_PROBLEM TO SOLVE_.
Reproduce exactly, and only, the lines of the material below running from the line bearing "2、再加入黃油繼續(xù)揉面,直至面團(tuán)能拉出薄薄的手套膜即可" through the line bearing "Лекция Финансовая система". Leave any pictures out.

_DATA SHOWN_.
__________

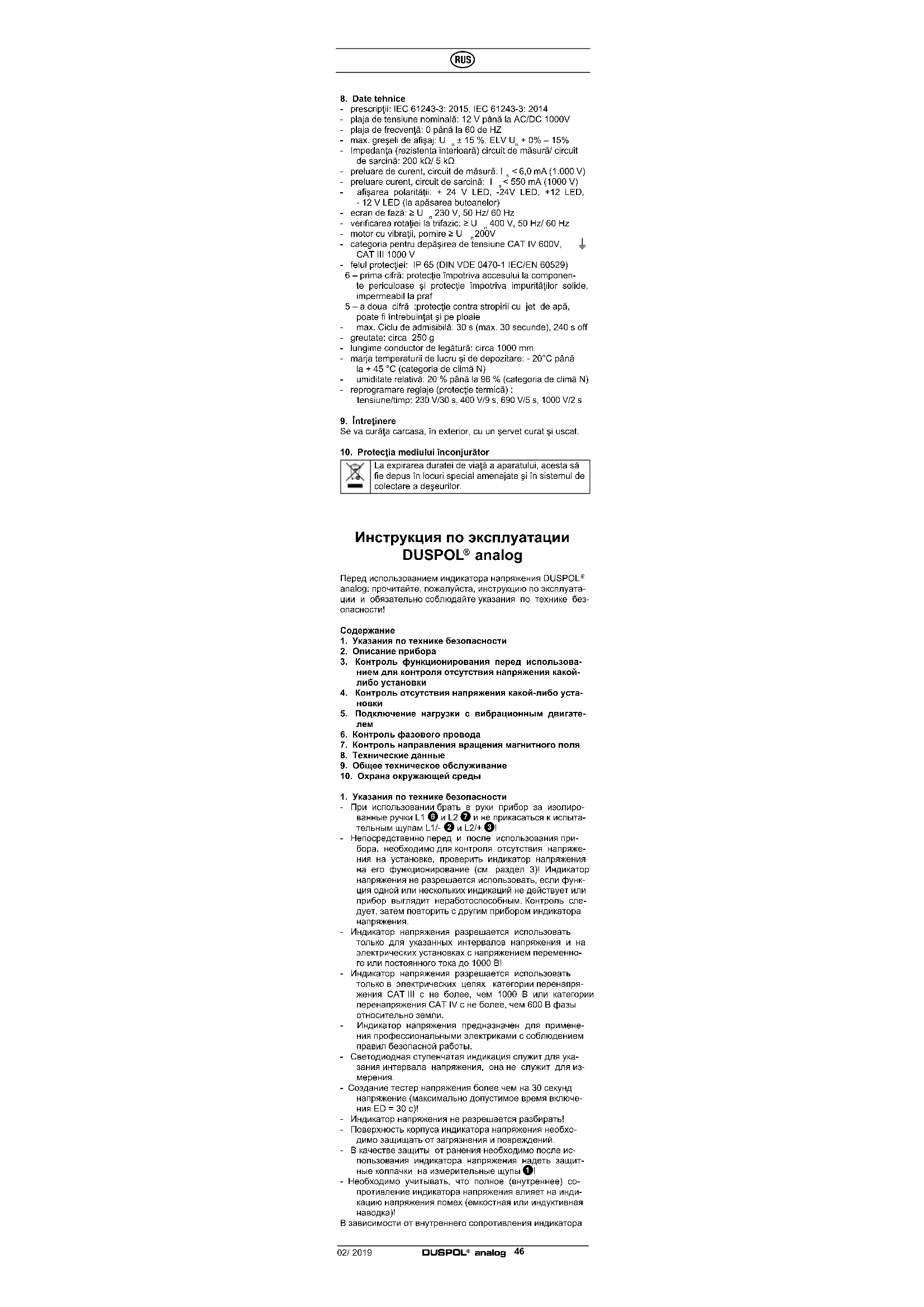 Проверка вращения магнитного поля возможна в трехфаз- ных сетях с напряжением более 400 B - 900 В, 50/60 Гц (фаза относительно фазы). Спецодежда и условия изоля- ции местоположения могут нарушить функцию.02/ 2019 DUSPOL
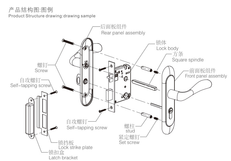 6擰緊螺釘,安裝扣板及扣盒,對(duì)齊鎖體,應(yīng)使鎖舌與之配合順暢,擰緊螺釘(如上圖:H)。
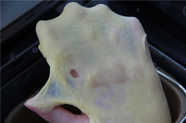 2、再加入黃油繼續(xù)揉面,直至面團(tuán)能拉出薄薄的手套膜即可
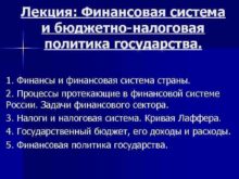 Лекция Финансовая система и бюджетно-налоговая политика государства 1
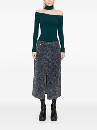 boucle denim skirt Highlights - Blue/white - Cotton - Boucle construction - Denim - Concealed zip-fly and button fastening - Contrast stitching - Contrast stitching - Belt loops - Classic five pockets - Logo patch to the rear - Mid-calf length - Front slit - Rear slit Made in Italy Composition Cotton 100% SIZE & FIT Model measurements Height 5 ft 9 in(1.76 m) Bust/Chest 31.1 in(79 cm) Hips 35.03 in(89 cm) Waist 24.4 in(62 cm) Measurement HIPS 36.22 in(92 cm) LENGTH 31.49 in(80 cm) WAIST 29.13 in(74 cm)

__________

_SOLUTION BELOW_.
 2、再加入黃油繼續(xù)揉面,直至面團(tuán)能拉出薄薄的手套膜即可
 Лекция Финансовая система и бюджетно-налоговая политика государства 1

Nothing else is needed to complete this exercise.